江月白沒好氣地說道,“誰高興給你處理這些雞毛蒜皮的破爛事兒啊。你自己找的小三自己處理。”
“那不行。你是朕的皇后。這不是我找的小三。這是那個guojia給我找的小三。我也沒辦法的事兒。”李北辰硬湊過去親。
江月白今天卻后仰著不讓親。
“別遇事就甩鍋給國家。你把它直接剁了得了。”
“剁了你不也沒得用,嗯?”李北辰把江月白使勁往自己身體上一按,緊密地貼合在一起,“而且剁了也不解決問題。她們還是一樣會扯皮拉筋,還是會爭會搶。這是人性,改變不了。”
江月白沒好氣地說道,“要不你解散后宮吧。言情小說里都這么寫的。天塌不下來。”
“那行,我明天上早朝的時候就宣布這事兒。到時候你被御史彈劾我可不管。”李北辰笑著一手摁住她的腰,一手摁住她的腦袋,“到時候,群臣肯定要求廢后。你是不是扔下我跟孩子們不管了,自己跑了。”
江月白還真這么想。真不想管今天這樣的破爛事兒。她們唯一沒有想到的就是清貴人已經懷孕了。不然,今天她們這步棋走得也不差。
李北辰一頓熱吻下來,兩個人都有些眩暈。
“大白天呢。”
“想要。”
“有起居注啊。”
“還是想。”
他跟她彼此之間太有那種感覺了,就是直接的這種強烈的吸引。鑰匙很大,鎖的齒輪很復雜,旋轉起來嘎嘎嘎地響,紋絲合縫,又不止于此。實在讓人快樂得墜入仙境。

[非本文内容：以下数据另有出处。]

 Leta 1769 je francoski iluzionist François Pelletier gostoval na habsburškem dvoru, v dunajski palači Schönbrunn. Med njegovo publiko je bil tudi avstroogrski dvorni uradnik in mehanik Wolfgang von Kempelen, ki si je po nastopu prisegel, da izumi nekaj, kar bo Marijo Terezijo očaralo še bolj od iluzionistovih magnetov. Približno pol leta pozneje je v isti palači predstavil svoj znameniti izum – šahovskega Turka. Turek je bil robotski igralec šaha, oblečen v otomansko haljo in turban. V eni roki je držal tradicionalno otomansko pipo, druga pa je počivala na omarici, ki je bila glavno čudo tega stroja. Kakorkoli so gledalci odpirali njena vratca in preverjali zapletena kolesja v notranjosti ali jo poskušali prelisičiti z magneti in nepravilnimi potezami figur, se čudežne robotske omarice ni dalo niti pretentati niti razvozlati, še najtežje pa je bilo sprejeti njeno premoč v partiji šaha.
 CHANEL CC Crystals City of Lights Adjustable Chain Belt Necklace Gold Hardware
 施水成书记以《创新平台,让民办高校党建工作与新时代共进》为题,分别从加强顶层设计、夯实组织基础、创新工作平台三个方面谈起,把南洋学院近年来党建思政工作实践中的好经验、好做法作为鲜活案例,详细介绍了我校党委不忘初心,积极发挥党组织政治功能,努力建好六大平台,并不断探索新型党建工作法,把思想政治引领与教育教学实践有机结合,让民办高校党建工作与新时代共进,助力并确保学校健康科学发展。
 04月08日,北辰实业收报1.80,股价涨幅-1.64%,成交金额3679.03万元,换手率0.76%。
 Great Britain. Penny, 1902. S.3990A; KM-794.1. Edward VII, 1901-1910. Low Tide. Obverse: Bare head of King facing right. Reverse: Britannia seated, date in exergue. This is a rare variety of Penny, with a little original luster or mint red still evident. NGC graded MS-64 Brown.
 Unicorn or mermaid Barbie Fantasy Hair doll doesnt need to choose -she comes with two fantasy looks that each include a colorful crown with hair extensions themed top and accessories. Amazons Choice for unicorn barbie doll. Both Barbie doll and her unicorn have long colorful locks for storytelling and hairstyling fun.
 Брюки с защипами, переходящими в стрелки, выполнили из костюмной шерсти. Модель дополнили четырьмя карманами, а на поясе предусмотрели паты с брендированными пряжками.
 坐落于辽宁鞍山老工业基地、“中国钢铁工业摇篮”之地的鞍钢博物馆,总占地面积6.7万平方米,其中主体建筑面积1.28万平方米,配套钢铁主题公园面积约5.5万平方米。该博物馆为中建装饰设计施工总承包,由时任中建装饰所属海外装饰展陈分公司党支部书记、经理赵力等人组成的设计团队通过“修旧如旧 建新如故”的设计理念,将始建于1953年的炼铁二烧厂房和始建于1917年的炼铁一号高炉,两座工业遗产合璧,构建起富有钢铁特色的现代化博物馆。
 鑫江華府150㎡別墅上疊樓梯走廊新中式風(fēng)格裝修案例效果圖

這種情投意合的兩情相悅,讓兩人都像是第一次玩游戲的孩子,對此這種快樂上了癮。每次都不一樣,每次都更令人沉醉,更令人想要。
平靜后,江月白躺在李北辰懷里,心里的氣消去了不少。
“今天這事兒,說明后宮的醫療制度上有漏洞。就算有三名太醫同時上門,也解決不了像今天的事情。你看過《甄嬛傳》吧?里面一個太醫跟兩個后妃勾搭,還讓皇上喜當爹。”
江月白說著看向李北辰的腦袋上方。
李北辰被這么一看,頓時感覺頭上長了草,好癢,“你說怎么改。”
“要不借鑒下現代的醫療制度?”江月白的手指在李北辰的胸口上畫圈,順便揪一揪上面的毛。
“具體怎么個借鑒法?要不你寫個方案,拿給我看看?”
“行。”江月白揪住一根毛拽了拽,疼得李北辰咧了下嘴,“疼嗎?不疼吧。”
“我揪你一根試試。”
“你敢?”江月白說話之間就把毛給揪了下來,“比如說,太醫就不要上門了。在現代哪有上門給看病的。不管是懷孕還是腿斷了胸口上被捅了刀子不都得上醫院嘛。上門看病的英俊醫生,孤單寂寞的美麗獨居少婦。嘖嘖。”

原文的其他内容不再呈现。